Sr. Scientist, Toxicology
The Senior Scientist will lead all aspects of toxicology work for select nonclinical programs to enable drug candidates from research through development and IND enabling studies. The senior scientist will design, execute, and interpret nonclinical safety studies conducted in multiple species, and will be heavily involved in regulatory submissions and interactions with various health authorities as well as the internal clinical team. The successful candidate must have the ability to multitask and to function effectively in a fast-paced environment. Be capable of conducting work independently, but also capable of pulling in subject matter experts when necessary to lead the conversation. Will maintain extensive scientific awareness and presence in toxicology, publishes manuscripts and posters, presents at scientific conferences and other scientific forums. Engages with consultants and advisors in the field, as well as the scientific community at large.
Here's What You'll Do:
- In conjunction with program teams and the nonclinical sciences team, develop toxicology strategies and provide expert support to research and development projects
- Collaborate on the design of non-GLP investigative and pharmacology studies to support development compounds, as needed
- Review, summarize and integrate complex data sets across multiple disciplines
- Manage the preparation and presentation of nonclinical safety data for project teams, portfolio management, internal /external partners and/or scientific groups
- Provide strategic advice to project teams and senior management including evaluation of conclusions and potential impact of toxicology results on program and clinical/regulatory strategy
- Lead finalization of toxicology reports and manage the tabular presentation of data in accordance with CTD format
- Support the preparation of national and international regulatory submissions and interactions with health authorities and be capable of effective communications with regulatory authorities
- Interact cross functionally with Research, Regulatory, Clinical and Manufacturing
- Work closely with clinical to ensure toxicology support for clinical trial designs
Here's What You'll Bring to the Table:
- Doctorate degree & 5 years of scientific experience OR Master's degree & 10 years of scientific experience OR Bachelor's degree & 15 years of scientific experience in preclinical toxicology and drug development in the pharmaceutical/biotechnology sector
- Familiarity with GLP regulations and ICH/FDA guidelines for the conduct of toxicology studies to support regulatory filings
- Experience working with Contract Research Organizations
- Ability to develop and deliver clear and concise presentations for both internal and external meetings
- Outstanding written and verbal communication skills
- Ability to multi-task and change quickly change priorities
- Strong written and oral communication skills and a track record of achievement in publications and/or patent applications Candidate will be curious in exploring new path for drug discovery, bold in proposing creative experimental designs and ideas. Will work collaboratively with multifunctional teams and will be relentless in pursuing successful outcomes
Here's What We'll Bring to the Table:
- Daily on-site catered lunches
- Company-provided iPhone
- Free parking, monthly subway pass or a subsidized commuter rail pass.
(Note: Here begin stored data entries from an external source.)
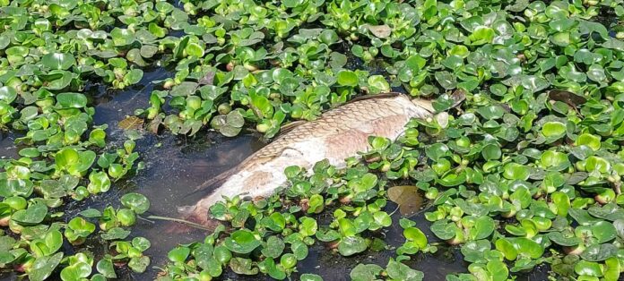 मरी पड़ी मछलियों से दूषित हो रहा पौराणिक सरोवर का पानी
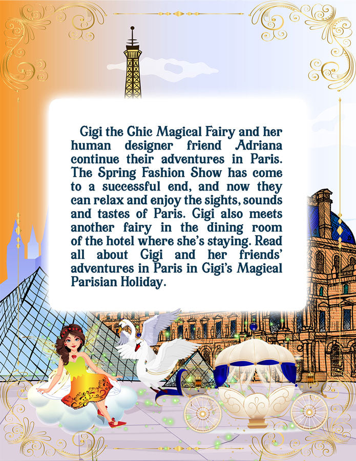 Join me in Paris. I have time for a short holiday before returning home to the attic of the fashion house in California with Adriana. I am going to be exploring some of Paris’s magical landmarks like The Louvre Museum and the Eiffel Tower. I’m also going to do some window shopping and enjoy the amazing food that Paris has to offer. I hope that you’ll join me on this magical adventure in the new book that my friend Teelie Turner has written about me.
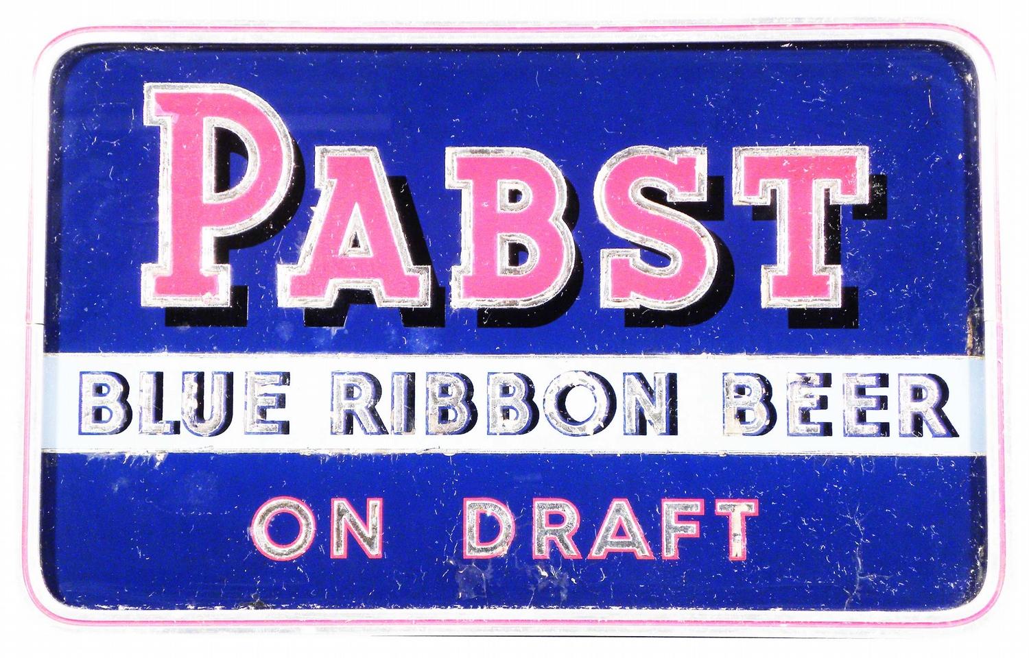 Pabst Blue Ribbon Beer, "On Draft" Reverse Glass Sign. Aluminum frame easel backed and chain hanger. Rounded corners. A few spots of lifting otherwise very good condition. 14 X 9 inches.
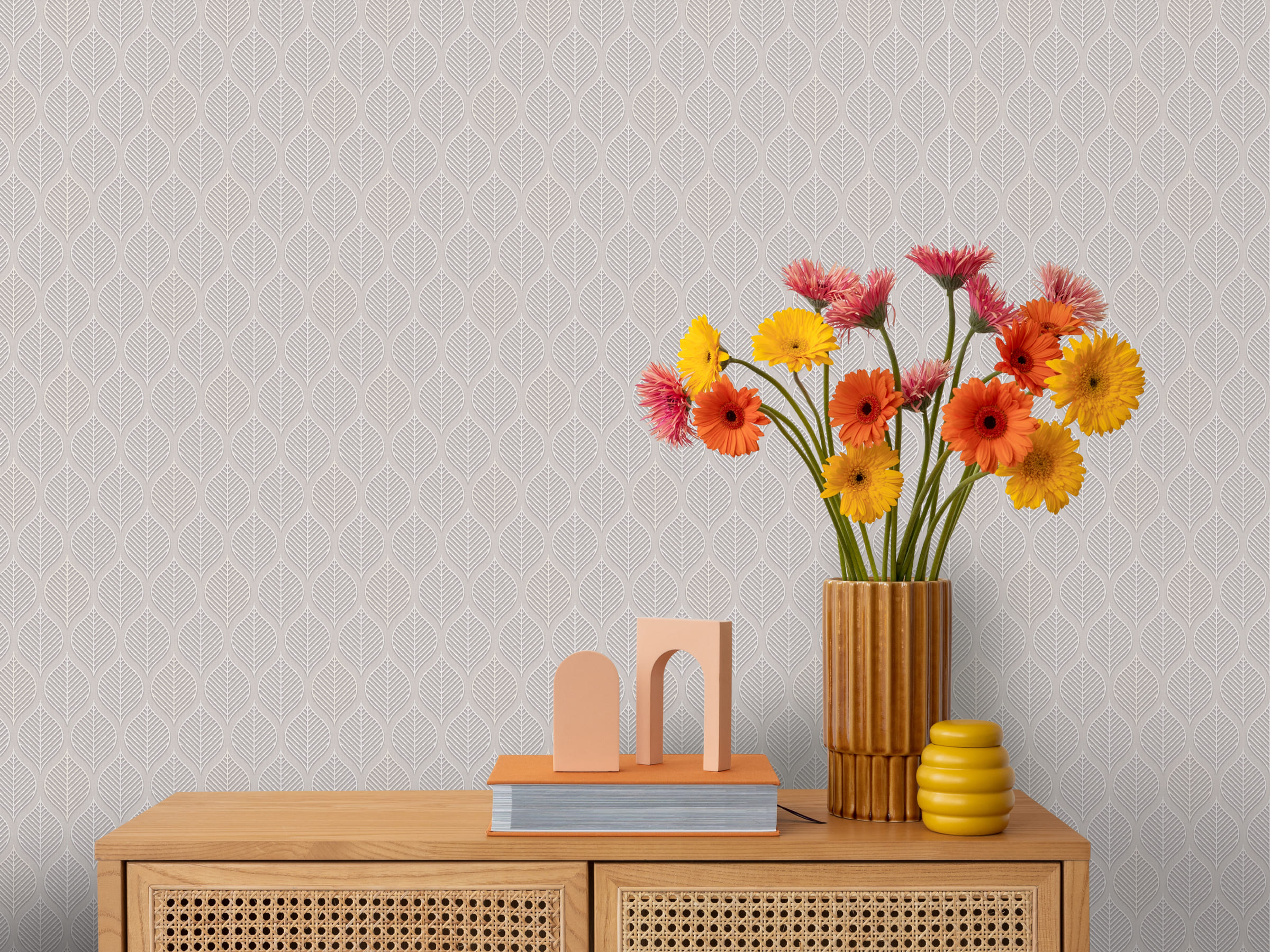 Изящная графика с четкими рельефными контурами листьев создает поистине завораживающую игру света и тени. Листики будто вышиты металлизированной нитью на матовом текстильном фоне. Они создают объемный тактильный рисунок, который хочется потрогать.
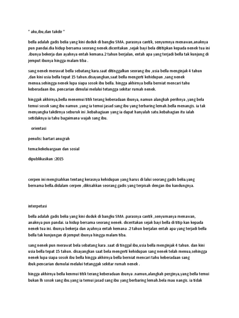 Teks Ulasan Cerpen Aku Ibu Dan Takdir
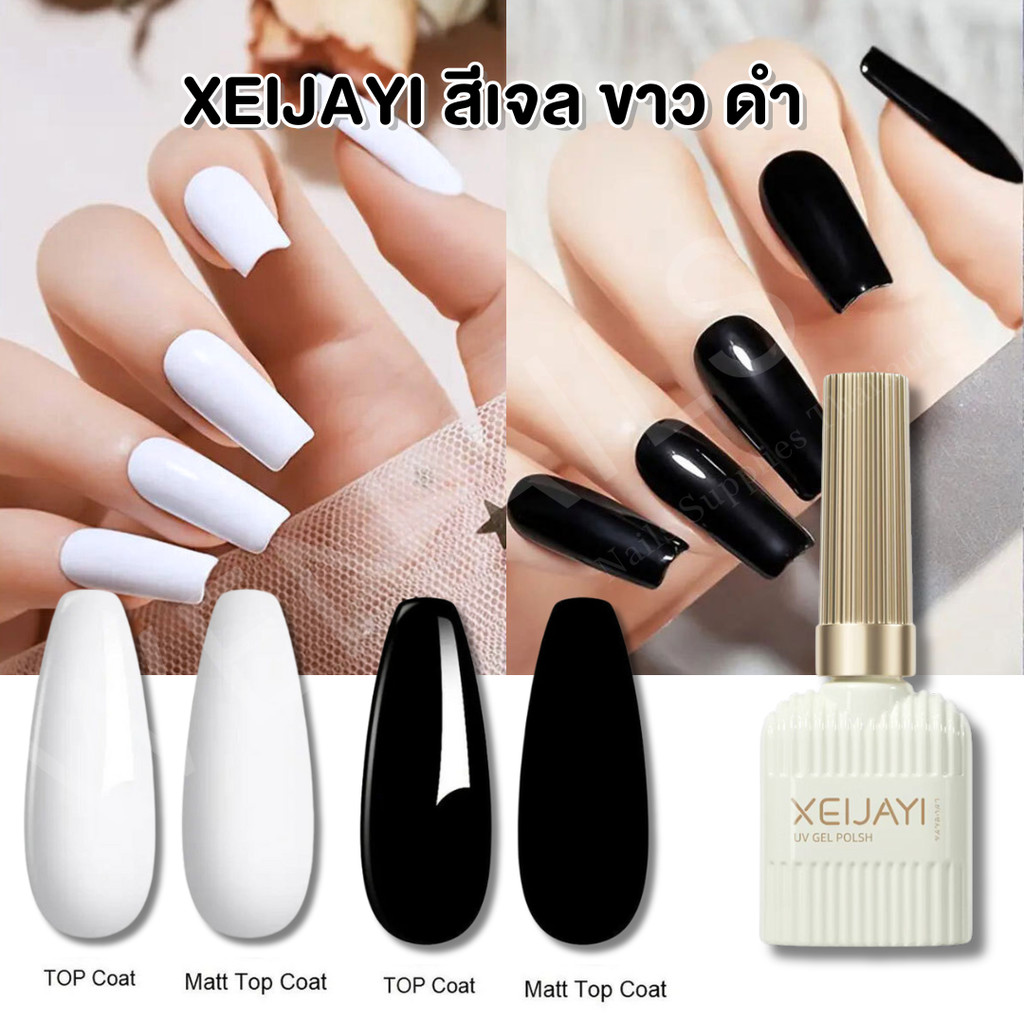 XEIJAYI Black&White สีขาว สีดำ ยาทาเล็บเจล สีเจลทาเล็บ ยาวทาเล็บเจล ฝาทอง 15ml -wenailsth
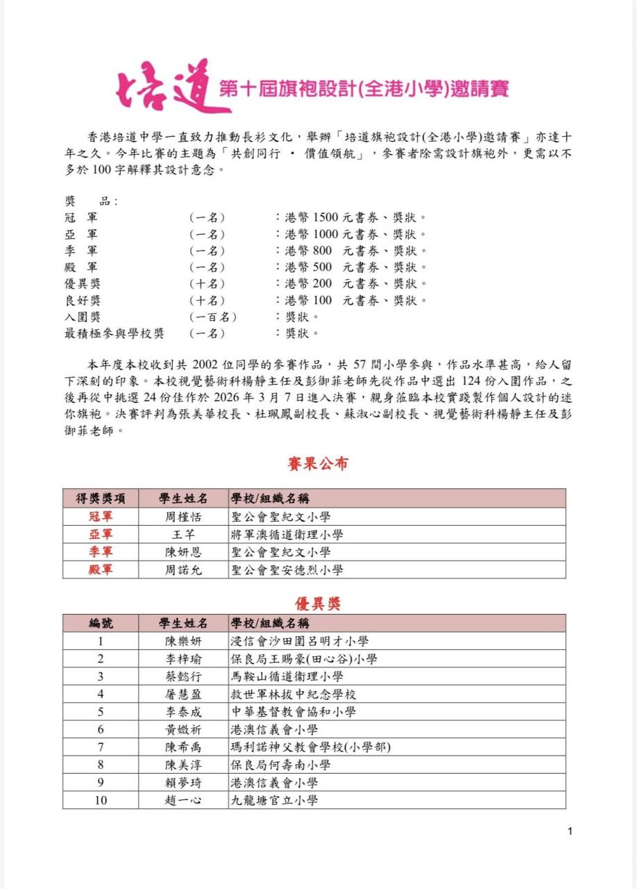 Pooi To Middle School has long been dedicated to promoting the culture of the Qipao. This year marks a significant milestone as we host the 10th Pooi To Qipao Design (Primary Section) Competition.
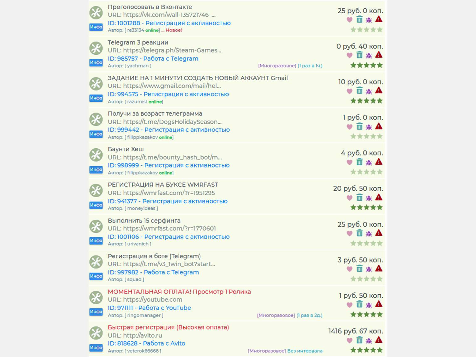 Такую работу может делать любой человек. Но и плата за такие задачи небольшая. За простые действия вроде перехода по ссылке платят от 0,01 до 0,04 рубля, а за более сложные задачи (например, написать комментарий, установить приложение или опубликовать отзыв) можно получить 5–20 рублей.
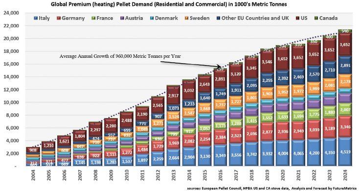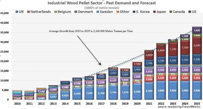 The heating pellet sector is substantial and is expected to grow significantly. Chart 1 shows the historic global demand and FutureMetrics’ forecast demand for heating pellets under current policy.
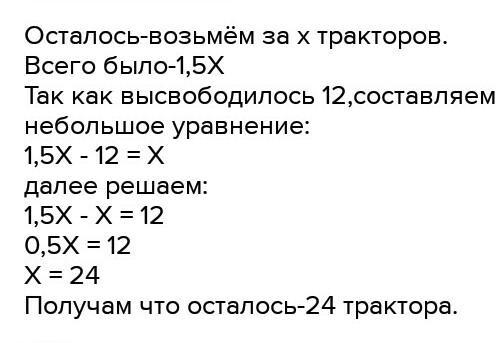 Рациональное использование техники в колхозе позволило высвободить 12 тракторов. Сколько тракторов осталось в колхозе, если известно, что было в 1,5 раза больше?
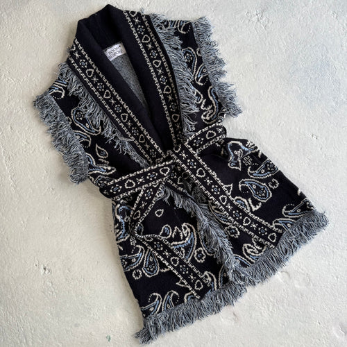 PREORDER ‘MIDNIGHT’ BANDANA KNIT BELTED LONGLINE SLEEVELESS CARDIGAN

- Highly competitive healthcare coverage. Including: medical offered through BCBS (HMO/PPO), dental, and vision offered through VSP
- Flexible Spending Accounts for medical expenses and dependent care expenses.
- 401k (traditional and Roth offered) with 50% match on first 6% deferred. Match is vested immediately.
- A suite of Moderna paid insurance coverage, including: life insurance, short-term and long-term disability
- Voluntary legal assistance plan
- 15 days' vacation and 7 sick days per year, in addition to a discretionary winter shut down and 11 company paid holidays.
- Adoption assistance, competitive parental leave, discount to local childcare centers, as well as access to Care.com
Why join Moderna Therapeutics
We are pioneering a new class of medicines made of messenger RNA, or mRNA. The potential implications of using mRNA as a drug are significant and far-reaching. It could transform not only how certain diseases are treated but also how medicines are discovered, developed and manufactured - at a breadth, scale and speed not common in the biopharma industry.
Since our founding in 2011, we have built the industry's leading mRNA technology platform, the infrastructure to accelerate drug discovery and speed early development, a rapidly expanding pipeline, and an unparalleled team. Our development pipeline includes development candidates for mRNA-based vaccines and therapies spanning several therapeutic areas, and we have multiple clinical trials already underway with other development candidates progressing toward the clinic. In addition, we have a number of discovery programs that are advancing toward the development stage.
We invite you to explore our site to learn more about our company and how we are advancing the promise of mRNA science to improve health and impact lives around the world.
Deliver on the promise of mRNA science to create a new generation of transformative medicines for patients.
Moderna is committed to equal employment opportunity and non-discrimination for all employees and qualified applicants without regard to a person's race, color, gender, age, religion, national origin, ancestry, disability, veteran status, genetic information, sexual orientation or any characteristic protected under applicable law. Moderna will make reasonable accommodations for qualified individuals with known disabilities, in accordance with applicable law.